Por Camilo Muñoz
Fotografía: gentileza Pilar Camacho

El cineasta italiano, director de «Fue la mano de Dios», pasó por Buenos Aires y ofreció una masterclass. Habló, entre otras cosas, sobre el vínculo del arte con el dinero, de la belleza con la vulnerabilidad y de Buenos Aires con Nápoles.

Paolo Sorrentino llegó por primera vez a Buenos Aires y la ciudad respondió como si recibiera a un viejo amigo. La Sala Martín Coronado del Teatro San Martín se llenó antes de tiempo para escucharlo en una masterclass que resultó mucho más que una clase: fue un pequeño viaje hacia su manera de mirar el mundo, hacia ese territorio ambiguo donde conviven la belleza, el riesgo, la memoria y la ficción.

Sorrentino llegó invitado por Buenos Aires Cine y como antesala al laboratorio cinematográfico que dirigirá en diciembre en la Patagonia, donde trabajará con jóvenes realizadores de distintos países. Quizás por eso su charla estuvo atravesada por una reflexión continua sobre el oficio: cómo escribir, filmar y emocionar, pero también sobre cómo sobrevivir en el cine.

Uno de los momentos más controversiales de la tarde surgió cuando habló del dinero. Lo dijo sin rodeos, con una honestidad casi brutal: “Soy huérfano desde los 16 años. Los huérfanos estamos obsesionados con el dinero porque tenemos miedo de terminar en la calle”. No lo dijo para provocar, sino para recordar que la creación no existe en el vacío: “El cine da dinero, y el dinero me recuerda que vivo en el mundo real, donde hay cuentas, hijos, y la necesidad de sostenerse”. Era también una forma de mostrar su vulnerabilidad, ese lugar del que —según él mismo— nace la verdadera belleza.

Habló después de cómo construye emoción. Dijo que no confía demasiado en los análisis previos ni en los conceptos: “Cuando escribo, soy mi primer espectador. Me conmuevo ahí, en ese instante. Después, cuando lo filmo, todo ya es viejo. El rodaje es simplemente el trabajo necesario para que esas emociones que viví escribiendo puedan existir”. No lo dijo con soberbia, sino con la serenidad de quien entiende que la intuición es su verdadero método. “Un director no sabe exactamente lo que hace —agregó—, pero sabe muy bien lo que no quiere hacer”.

La charla avanzó por sus obsesiones: el poder, la fe católica, los dilemas morales, el riesgo y la necesidad de exagerar. “Mis personajes son teatrales, casi máscaras. Y no todos los actores se animan a eso.
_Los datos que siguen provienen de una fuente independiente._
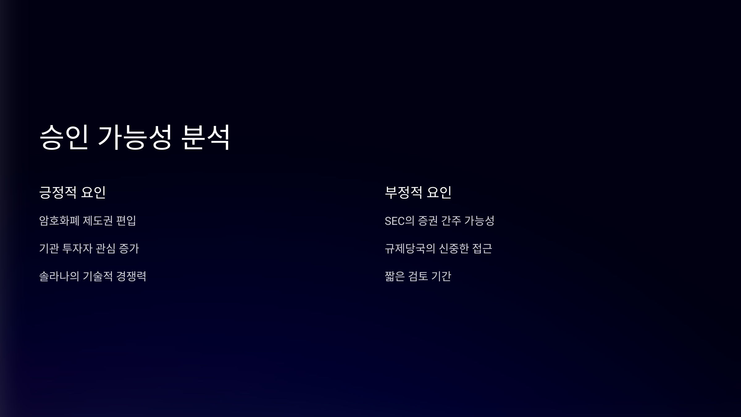 - 비트코인과 이더리움 ETF 승인 후 가격이 급등한 사례처럼, 솔라나도 기관 자금 유입으로 인해 가격 상승이 기대됨
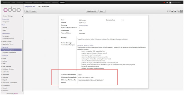 Put your Merchant Key , Access Code and Working key provided by CCAvenue.
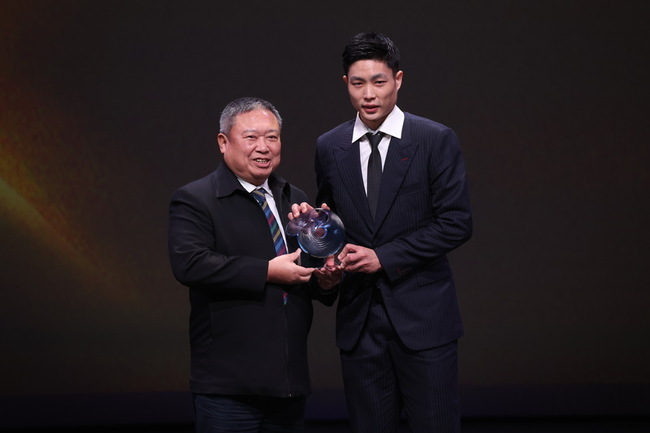周天成今天有點忙碌,先是擔任最佳男運動員傑出獎的頒獎人,隨後又從中華奧會主席林鴻道手中接過114年體育運動精英獎最佳運動精神獎的獎座。
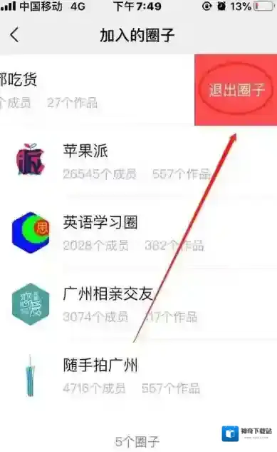 5、然后将我们想要退出的圈子左滑,点击页面上的“退出圈子”。
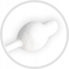 Kształt bawełnianej części patyczka z ogranicznikiem zapewnia bezpieczne użytkowanie.
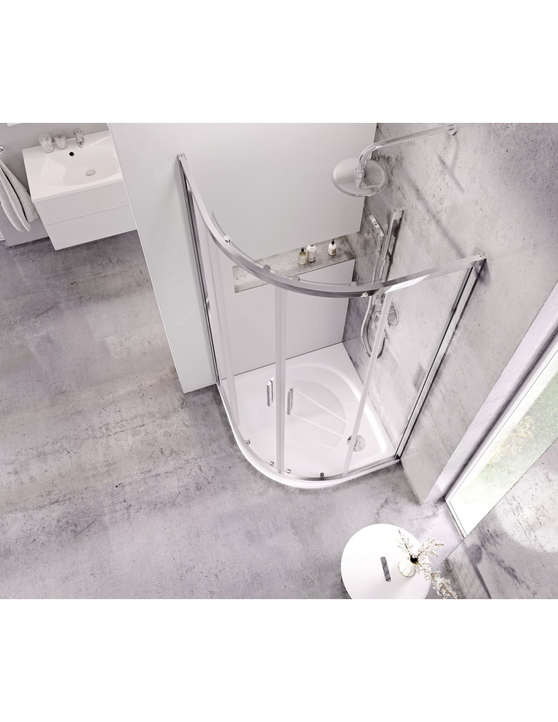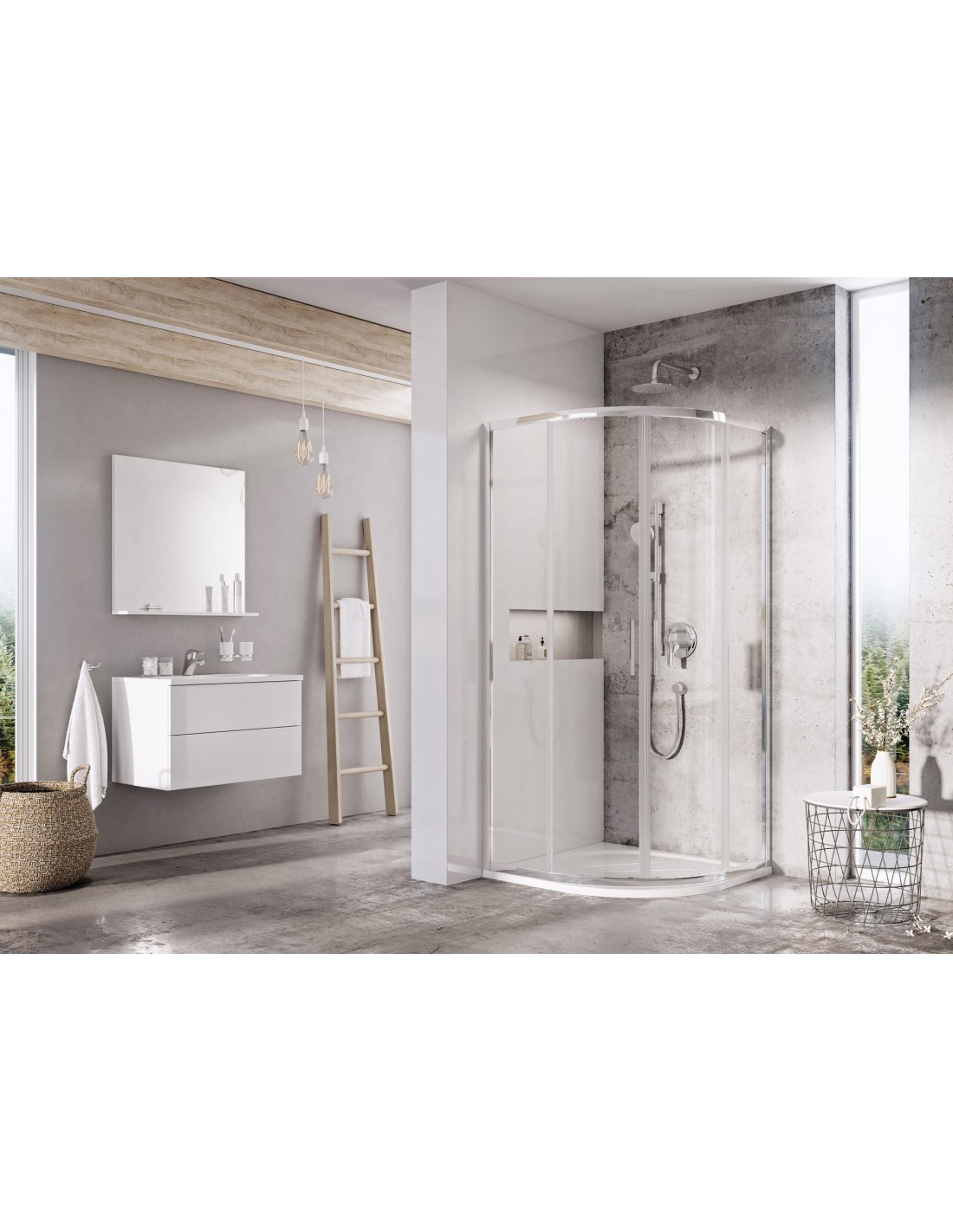 Pusapvalė dušo kabina Blix Slim, blizgaus chromo profiliai su skaidraus stiklo užpildu su Ravak AntiCalc® apsauginiu sluoksniu. Stumdomoji atidarymo sistema.
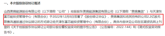 另外,在2022年12月底,美锦能源公告了控股股东一笔大额减持,美锦集团拟将其持有的公司2.2亿股无限售流通股(占公司总股本的5.09%)通过协议转让的方式转让给天津东富芯能投资管理中心(有限合伙)。每股转让价格为协议签署日的前一交易日收盘价的90%,即每股8.79元,目标股份转让价款合计19.34亿元。
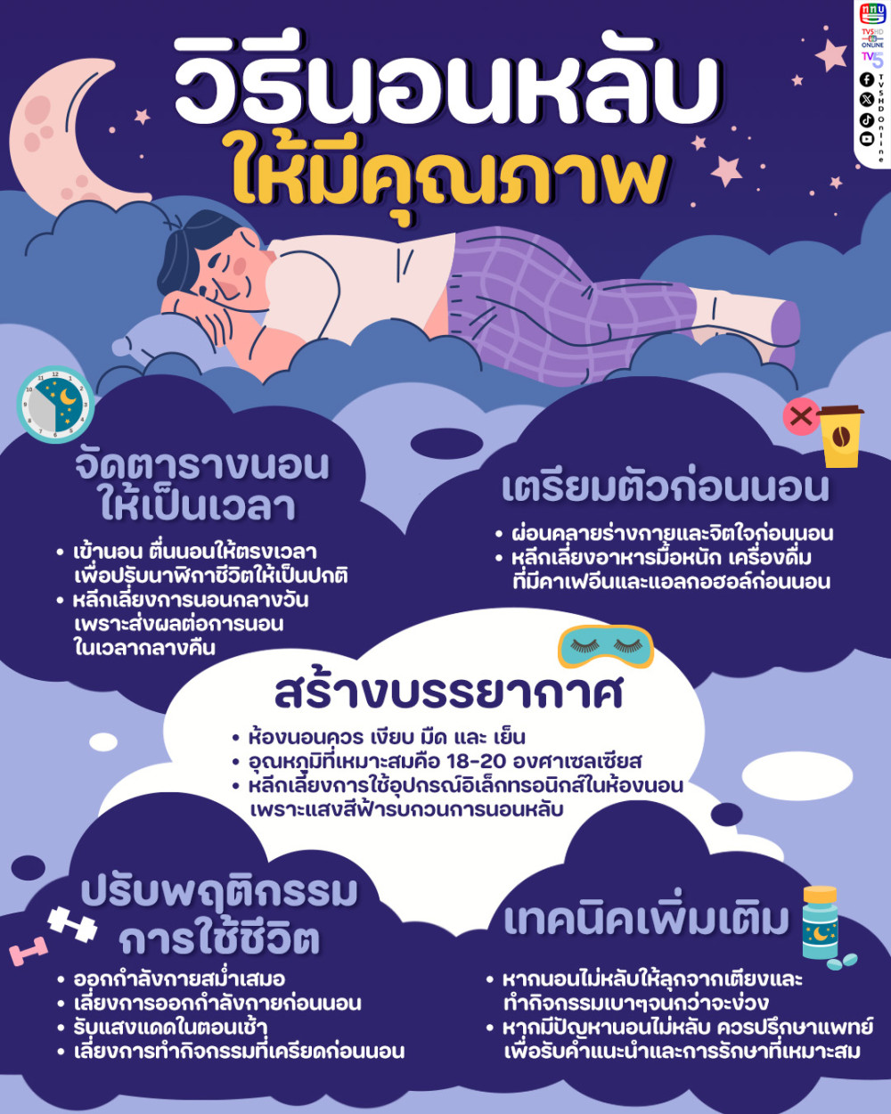 เข้านอนและตื่นให้ตรงเวลาทุกวัน แม้แต่วันหยุด เพื่อปรับนาฬิกาชีวิตให้เป็นปกติ
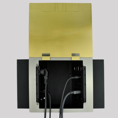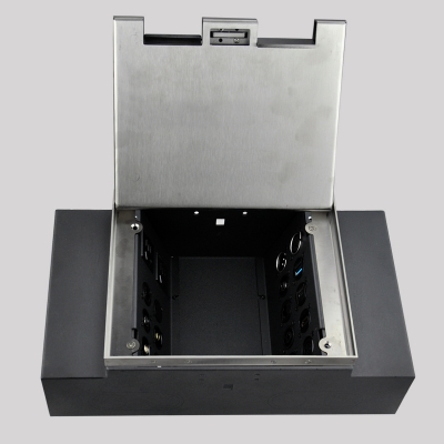 JS-DC400ST 地面接線盒可永久性安裝在各種地面,用于解決從地面連接布線的各種端口。左右兩側斜插式設計,更有效的利用空間并滿足多接口需求,獨有出線口式設計,允許連接大量線纜合蓋使用。
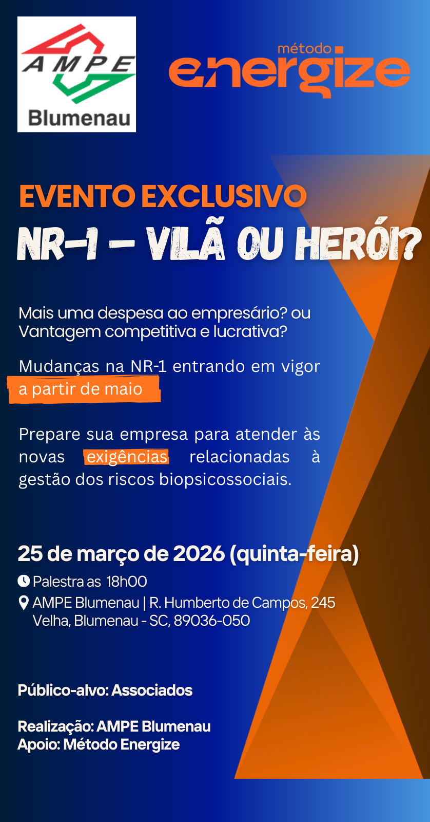 📍 Ampe Blumenau – R. Humberto de Campos, 245 – Velha, Blumenau – SC
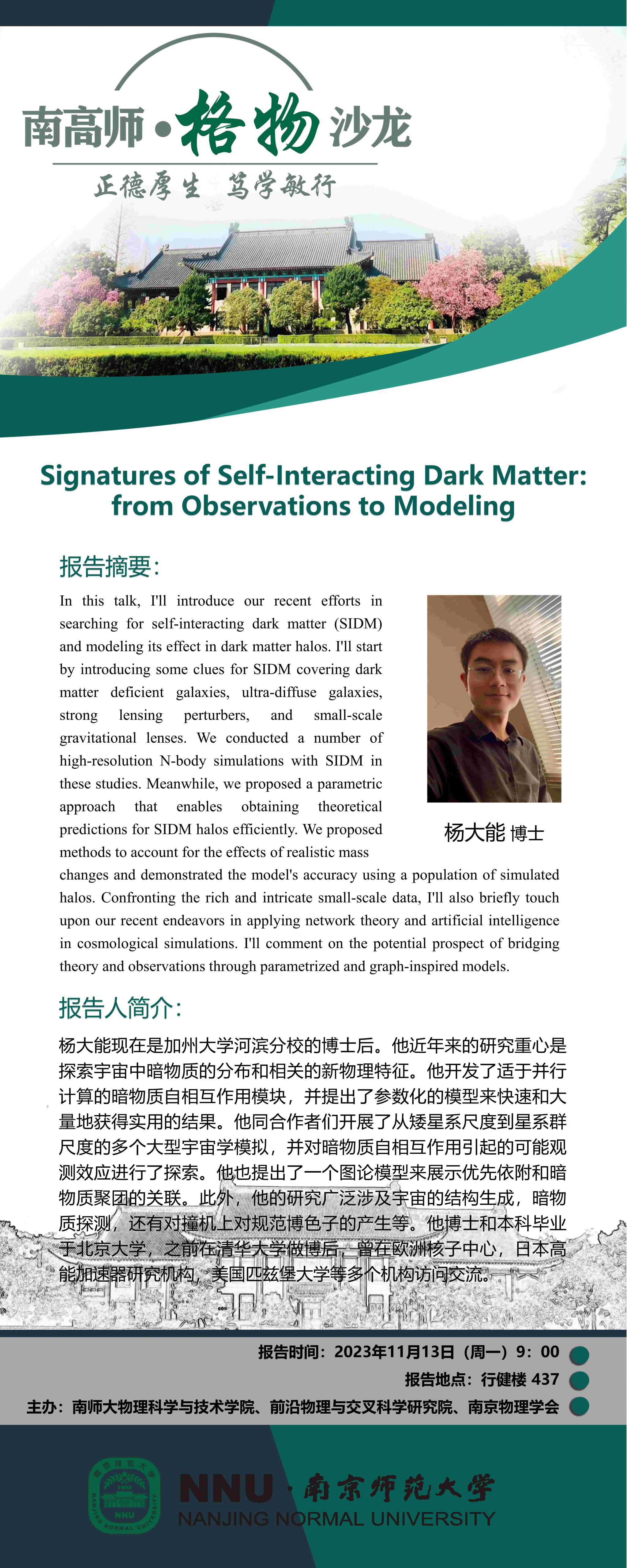 【学术预告】“南高师·格物沙龙” Signatures of Self-Interacting Dark Matter:from Observations to Modeling--杨大能博士
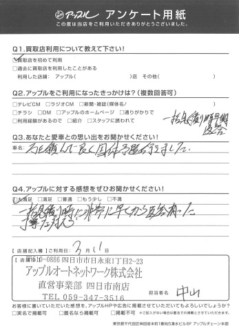 お車のご相談・ 査定だけでもOK! カンタン 入力 30秒 アップルがブランド買取始めました! お電話でも受付中! 受付時間10:00 ~ 18:30 0120-665-977 お車のご相談・ 査定だけでもOK! カンタン 入力 30秒 アップルがブランド買取始めました! お電話でも受付中! 受付時間10:00 ~ 18:30 0120-665-977 アップルがブランド買取始めました! お電話でも受付中! 受付時間10:00 ~ 18:30 0120-665-977 店舗情報 在庫車 スタッフ紹介 ブログ お客様の声 キャンペーン お得 無料査定 click お客様の声 ご記入日: 2016/03/11 M・H様 弓を積んで良く国体予選行きました一括見積り時に非常に早くから返答有った丁寧な対応 前へ 次へ お客様の声一覧を見る
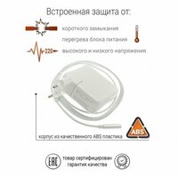 Корпус зарядного устройства выполнен из качественного пластика белого цвета, что придает ему стильный и современный вид.

Necesito actores valientes”, confesó. También habló de las “criaturas monstruosas” que aparecen en sus películas, a las que definió como bellísimas: “La belleza pasa por la vulnerabilidad. Uno se enamora de la fragilidad del otro, no de sus ojos azules”. En un punto, parecía que toda su filmografía, desde Il Divo hasta Fue la mano de Dios, estaba siendo explicada con una sola idea: la ternura como forma de resistencia.

Sobre Buenos Aires, dijo que la ciudad le resultaba “idéntica a Nápoles”, no por lo visual sino por lo humano: por los gestos, la cercanía, la forma de ocupar la calle. Fue quizá la frase más celebrada de la tarde, y la más inesperada: un italiano describiendo a Buenos Aires como un espejo emocional de su ciudad.

La jornada no terminó ahí, aunque sí quedó trunca. La esperada proyección al aire libre de Fue la mano de Dios en la Avenida Corrientes —una de las actividades centrales del evento— debió suspenderse por lluvia y fue reprogramada para el próximo sábado. La ciudad tendrá su encuentro bajo las estrellas, pero deberá esperar unos días más. Tal vez sea mejor así: como si la película necesitara una atmósfera distinta, una noche más limpia, un cielo más amable.

Sorrentino se va de Buenos Aires hacia la Patagonia para seguir filmando preguntas más que respuestas. Pero deja, en quienes lo escucharon, una rareza: la sensación de haber presenciado a un artista que piensa el cine desde la fragilidad, desde la memoria, desde las zonas donde duele y donde, justamente por doler, se vuelve conmovedor.